Undifferentiated myoblasts do not express T-type Ca2+ channels. The earliest recording of T-current was obtained in fusion-competent myoblasts 24 h after transfer to differentiation medium. After 3–4 days in differentiation medium, about 25% of recorded myoblasts expressed T-channels. Fig. 2 A and B shows typical T-currents, carried here by Ba2+. The T-current has a low threshold of activation, inactivates quickly during depolarizing voltage steps, and is inhibited by amiloride (Fig. 2A) and Ni2+ (Fig. 2B). A dihydropyridine-sensitive Ca2+ current was also seen in a small fraction of fusion-competent myoblasts (about 10%) after 3–4 days in differentiation (data not shown).
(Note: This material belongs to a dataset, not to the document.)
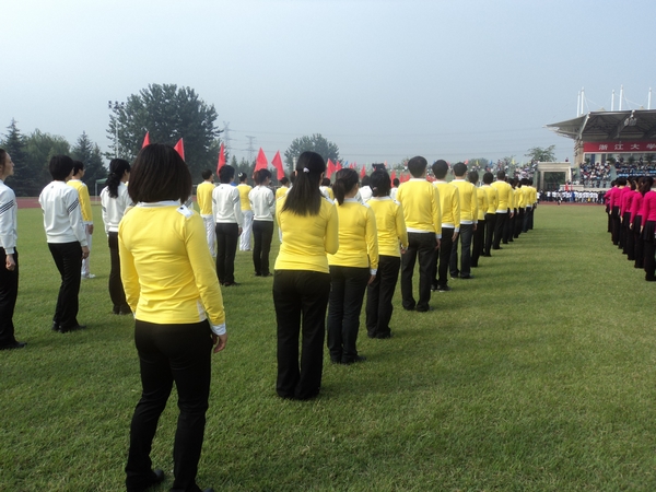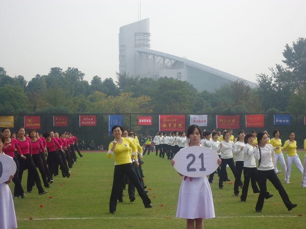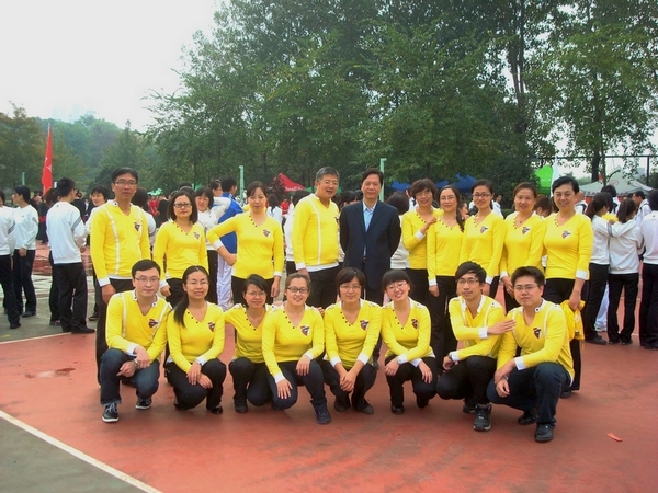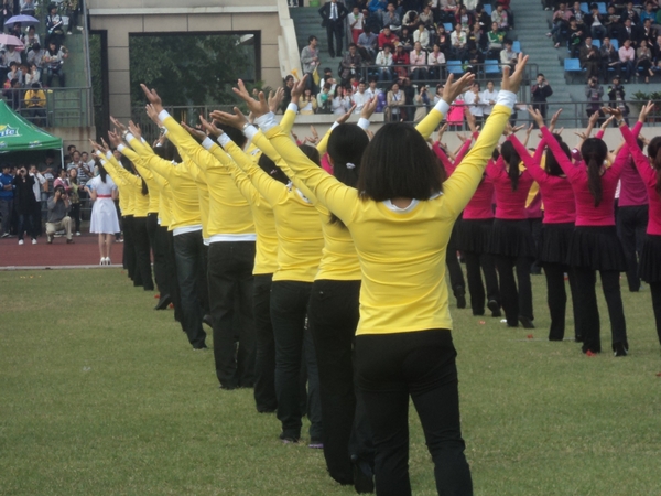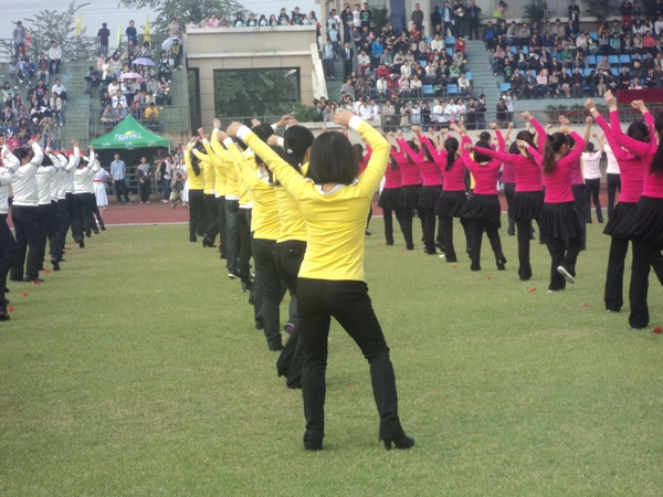 一年一度的校运会开幕式上五百余名教职工组成23支代表队参加了排舞比赛,光华法学院的教职工代表队由7名男老师和12名女老师组成,经过几个星期的精心排练,在校运会上发挥出色,勇夺最佳组织奖。

This current was considered to be an L-type current.
Before testing the effect of amiloride and Ni2+ on myoblast fusion (see below), we examined the ability of these agents to discriminate between T- and L-channels in fusion-competent myoblasts and small myotubes. For convenience, as L-current is expressed only in a small fraction of fusion-competent myoblasts but in all small myotubes, the pharmacology of the L-current was mostly done in small myotubes. As expected, T-type current is very sensitive to amiloride (IC50 = 25 μM, n = 6) whereas L-type current is not affected by 100 μM amiloride (P = 0.74, n = 5). Conversely, Ni2+, which has been described to block more efficiently T- than L-current in neurons (18), inhibits T- and L-currents recorded in fusion-competent myoblasts and small myotubes with almost the same potency (T-current: IC50 = 13 μM, n = 14; L-current: IC50 = 31 μM, n = 6). We therefore conclude that human myogenic cells express T-channels just before fusion and that, unlike L-channels, these channels can be inhibited by amiloride.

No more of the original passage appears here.